DATA SUPPLIED:
Content starts
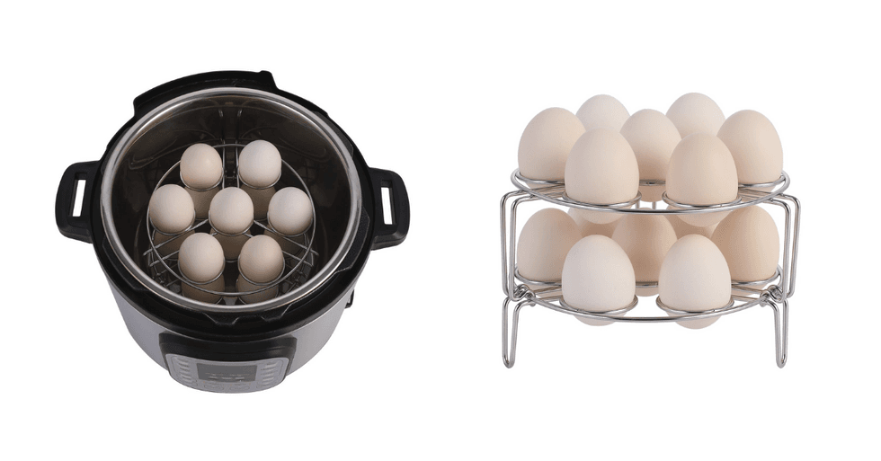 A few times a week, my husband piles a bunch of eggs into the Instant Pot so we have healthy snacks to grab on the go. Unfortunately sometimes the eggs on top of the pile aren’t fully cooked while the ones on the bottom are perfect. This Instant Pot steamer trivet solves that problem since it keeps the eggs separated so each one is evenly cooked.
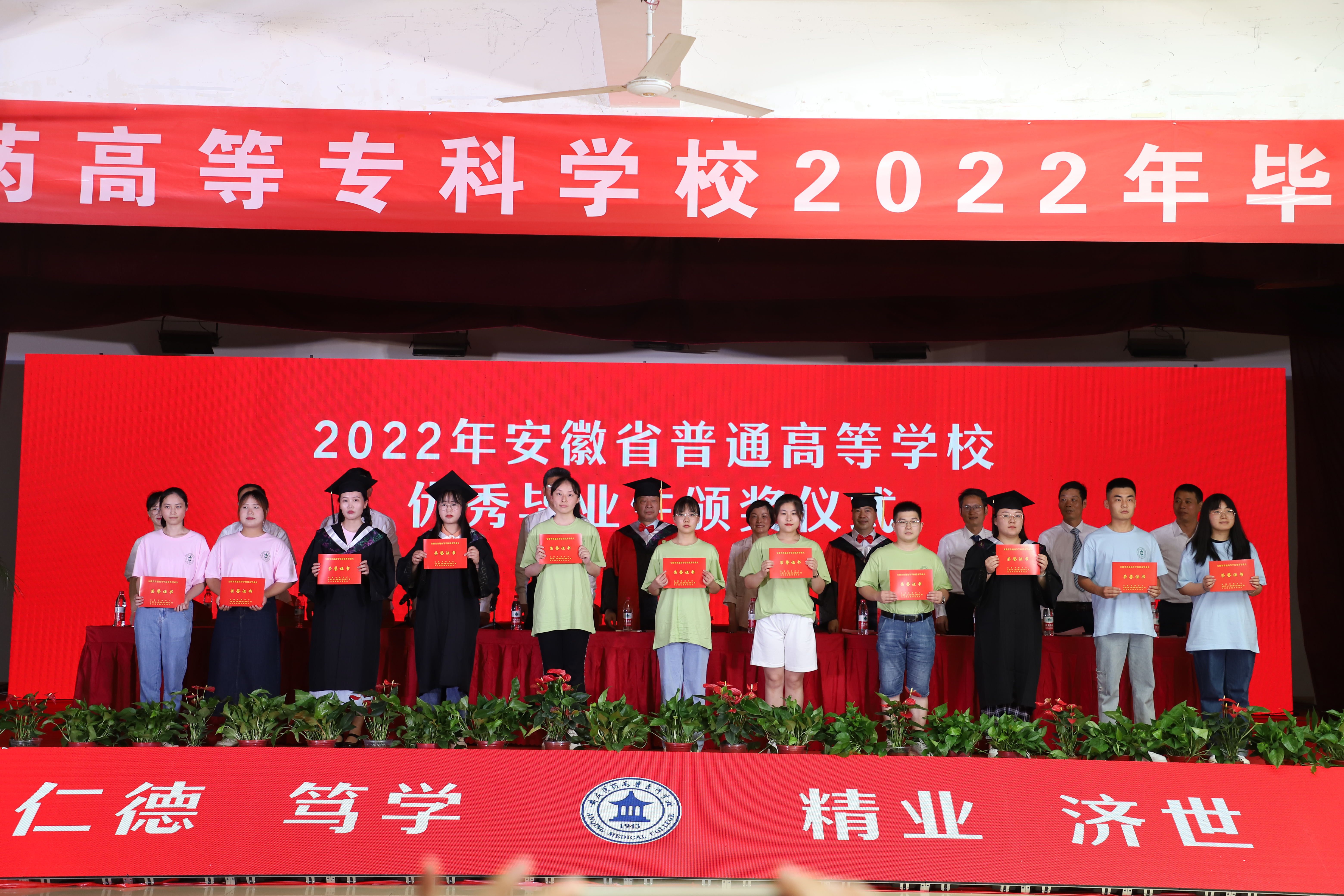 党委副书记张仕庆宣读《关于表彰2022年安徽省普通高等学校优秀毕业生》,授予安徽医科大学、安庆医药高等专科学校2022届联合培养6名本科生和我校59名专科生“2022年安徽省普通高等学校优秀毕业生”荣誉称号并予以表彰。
Content ends
Content starts
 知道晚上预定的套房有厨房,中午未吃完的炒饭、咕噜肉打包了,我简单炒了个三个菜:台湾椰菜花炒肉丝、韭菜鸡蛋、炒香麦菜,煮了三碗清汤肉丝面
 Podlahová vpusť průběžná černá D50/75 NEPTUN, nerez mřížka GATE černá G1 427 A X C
Content ends
WORK REQUEST:
Please output exactly the lines between the one holding "知道晚上预定的套房有厨房,中" and the one holding "Podlahová vpusť průběžná" in the records above, inclusive, and nothing more.

COMPLETED EXERCISE:
 知道晚上预定的套房有厨房,中午未吃完的炒饭、咕噜肉打包了,我简单炒了个三个菜:台湾椰菜花炒肉丝、韭菜鸡蛋、炒香麦菜,煮了三碗清汤肉丝面
 Podlahová vpusť průběžná černá D50/75 NEPTUN, nerez mřížka GATE černá G1 427 A X C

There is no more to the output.